EXERCISE GOAL: Word for word, output every line of the material below, minus pictures.

DATA EXTRACT:

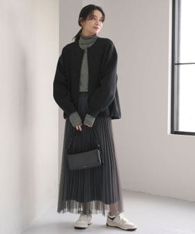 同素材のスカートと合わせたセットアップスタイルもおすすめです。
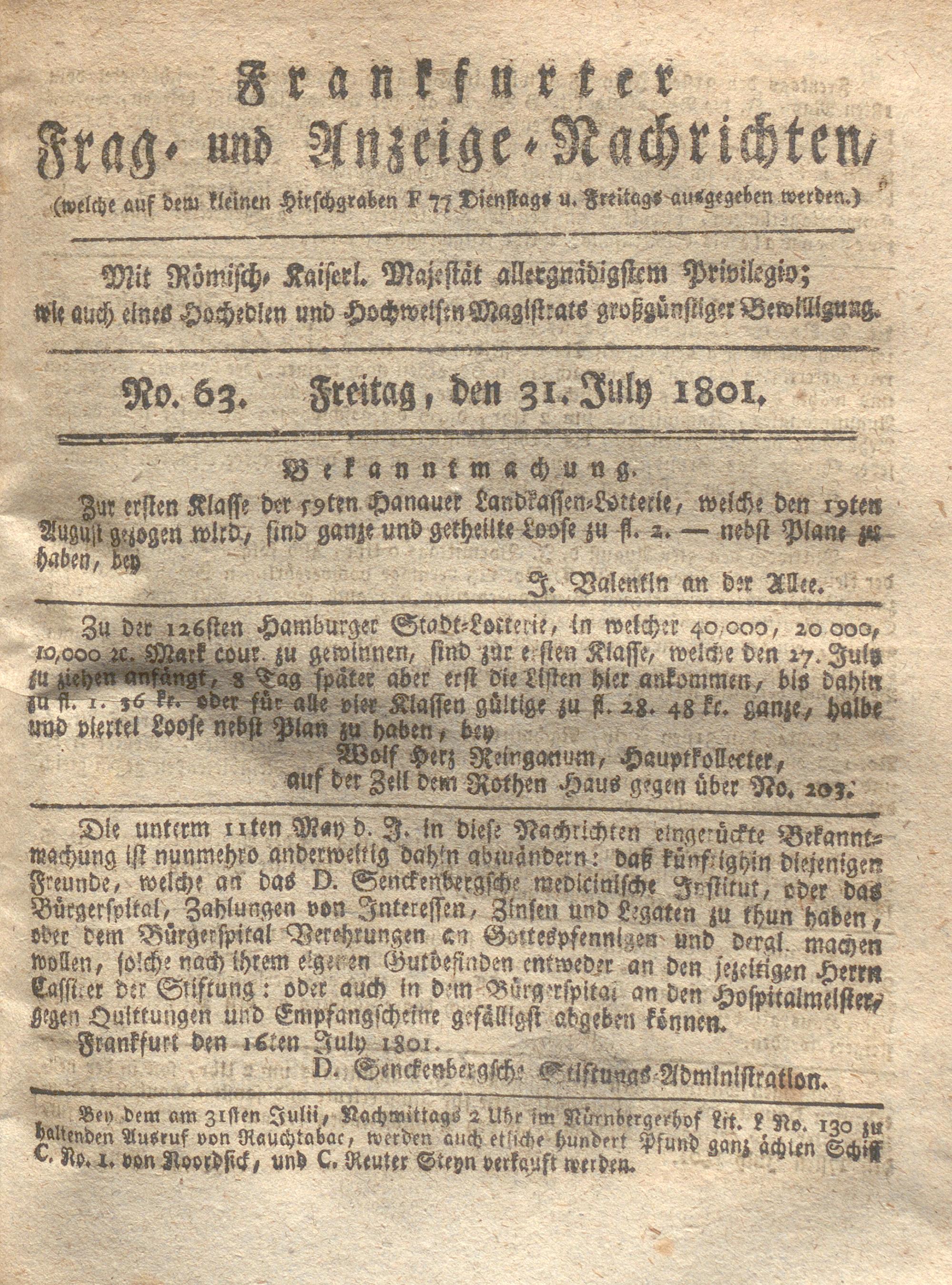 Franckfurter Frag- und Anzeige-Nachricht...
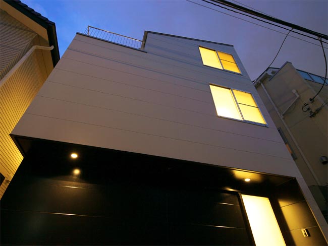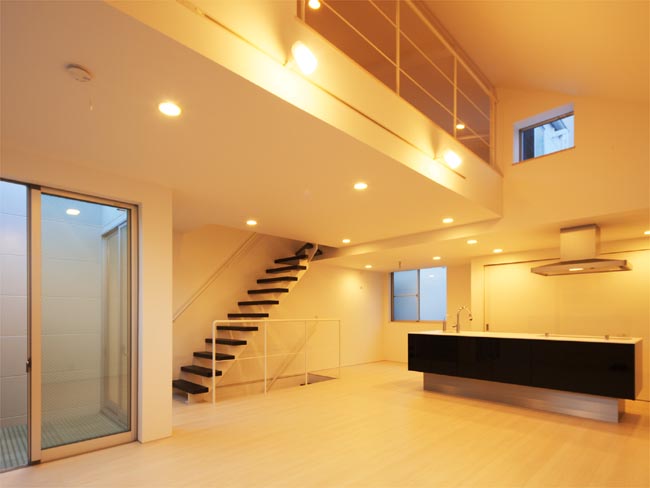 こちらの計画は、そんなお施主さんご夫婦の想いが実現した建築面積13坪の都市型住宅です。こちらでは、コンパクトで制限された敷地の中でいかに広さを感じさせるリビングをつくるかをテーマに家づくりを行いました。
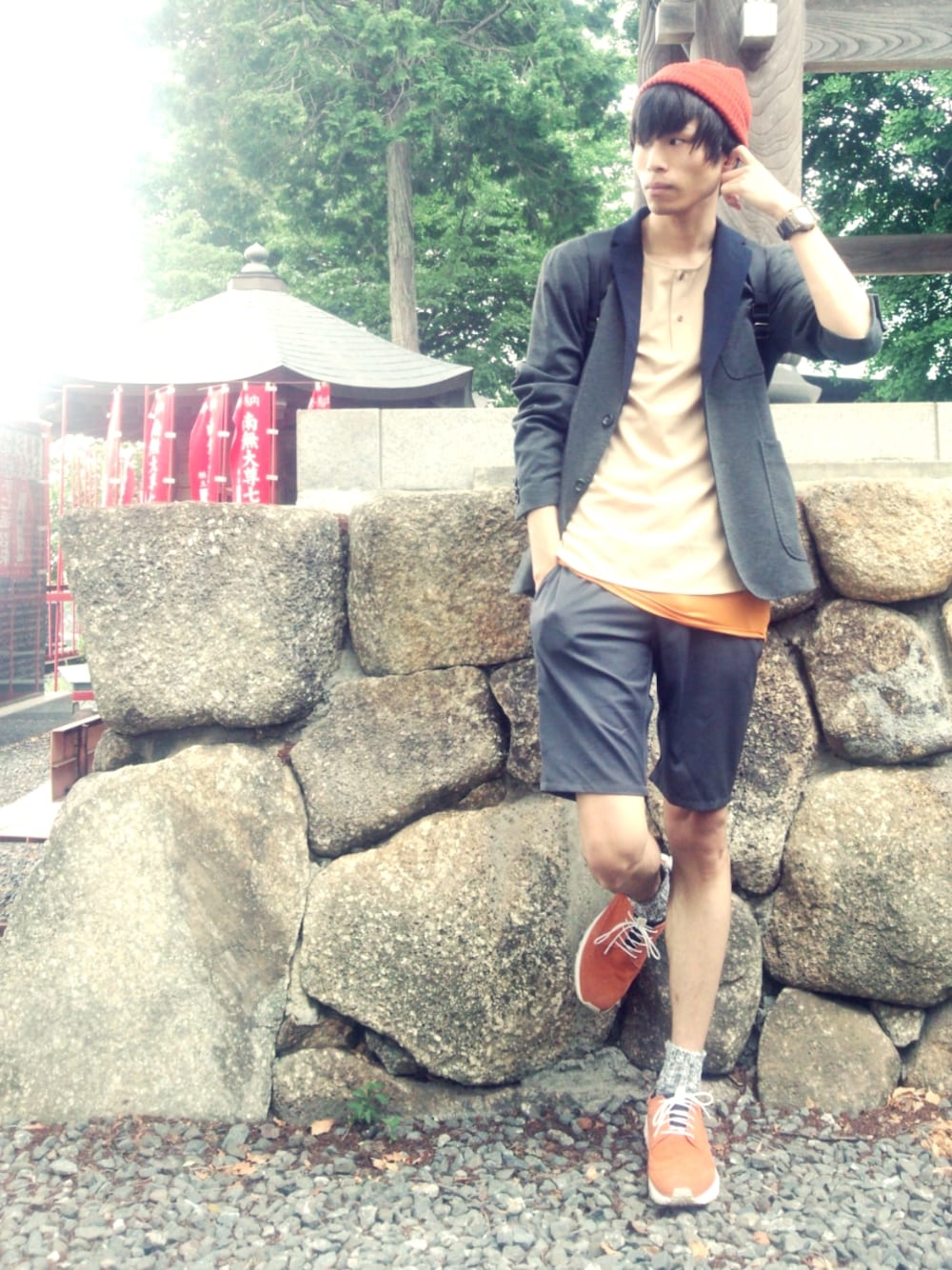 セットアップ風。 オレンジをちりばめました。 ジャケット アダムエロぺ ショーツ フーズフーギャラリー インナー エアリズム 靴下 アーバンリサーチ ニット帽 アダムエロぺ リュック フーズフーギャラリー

ANSWER SPACE:
 同素材のスカートと合わせたセットアップスタイルもおすすめです。
 Franckfurter Frag- und Anzeige-Nachricht...
 こちらの計画は、そんなお施主さんご夫婦の想いが実現した建築面積13坪の都市型住宅です。こちらでは、コンパクトで制限された敷地の中でいかに広さを感じさせるリビングをつくるかをテーマに家づくりを行いました。
 セットアップ風。 オレンジをちりばめました。 ジャケット アダムエロぺ ショーツ フーズフーギャラリー インナー エアリズム 靴下 アーバンリサーチ ニット帽 アダムエロぺ リュック フーズフーギャラリー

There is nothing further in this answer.